Cependant, considérer cela comme « l’horizon indépassable » de toute réflexion, serait intellectuellement insatisfaisant et politiquement hasardeux.

Intellectuellement insatisfaisant car nous ne pouvons pas laisser la réflexion, qui nécessite distanciation et mise en perspective des facteurs proches et lointains, devenir l’otage de l’événementiel et du sensationnel.

Politiquement hasardeux : cette euphorie née du soulagement d’avoir échappé in extremis à la catastrophe, conduit à la précipitation dans l’action et à l’impatience dans la planification, source d’erreurs qui risquent de transformer le remède en maladie.

Le président tchadien, grisé par tant de gloire inespérée s’est « senti pousser des ailes pour reprendre l’expression de François Soudan, allant jusqu’à passer un savon aux autres présidents. Nous savons que les pertes tchadiennes, plus importantes que celles annoncées, étaient surtout causées par la désinvolture tactique du Commandement en Chef, pris dans le piège des louanges (On a même lu : « Idriss Déby, le Napoléon de l’Afrique »), et incapable de maîtriser le désir d’éclipser les autres chefs d’Etat africains.

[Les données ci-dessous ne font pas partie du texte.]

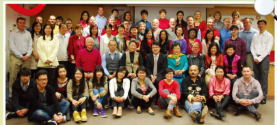
NET Section 是世界英文教育大家庭的縮影

今年能與來自不同地區的英文教學專家共事，學習不同的教學法和文化，擴闊了我的眼界，更令我知道：學得愈多，愈覺得自己是何等的渺小和無知！是次經驗讓我明白終生學習是十分重要的。

De plus, abandonner le nécessaire effort d’analyse critique, risquerait de conforter les vieux préjugés colonialistes présentant les Africains, comme un peuple vivant au jour le jour, incapable de s’inscrire dans la durée,  un « peuple enfant » (Hegel) qui a du mal à « rentrer dans l’Histoire » (Sarkozy).

Malgré la mécanique médiatique qui, pour des raisons de marketing, présente chaque situation nouvelle comme une exception extraordinaire, l’observateur, même pressé et peu familier avec nos réalités, ne peut s’empêcher de constater que les failles mises en lumière dans la crise malienne, ne peuvent être circonscrites ni dans l’espace, ni dans le temps.

Les fragilités –on pourrait dire congénitales- des Etats, le désorbitage historique des sociétés, la rapacité des « partenaires » extérieurs  anciens ou nouveaux, lointains ou proches (les anciennes puissances impérialistes, les pays émergents d’Asie, les pétromonarchies du Golfe), le nanisme intellectuel et moral des élites face au gigantisme des défis, et, par dessus tout, le désarroi de la jeunesse dû au manque de perspectives professionnelles et sociales, etc. sont des phénomènes largement répandus.

Le Tchad et les autres pays africains qui veulent  (ou ne veulent pas) « sauver le Mali », n’échappent pas eux-mêmes  à ces profonds dysfonctionnements générateurs de crises récurrentes. D’ailleurs, beaucoup de pays africains ont connu ou risquent de connaître des convulsions similaires, avec ou sans islamo-terroristes.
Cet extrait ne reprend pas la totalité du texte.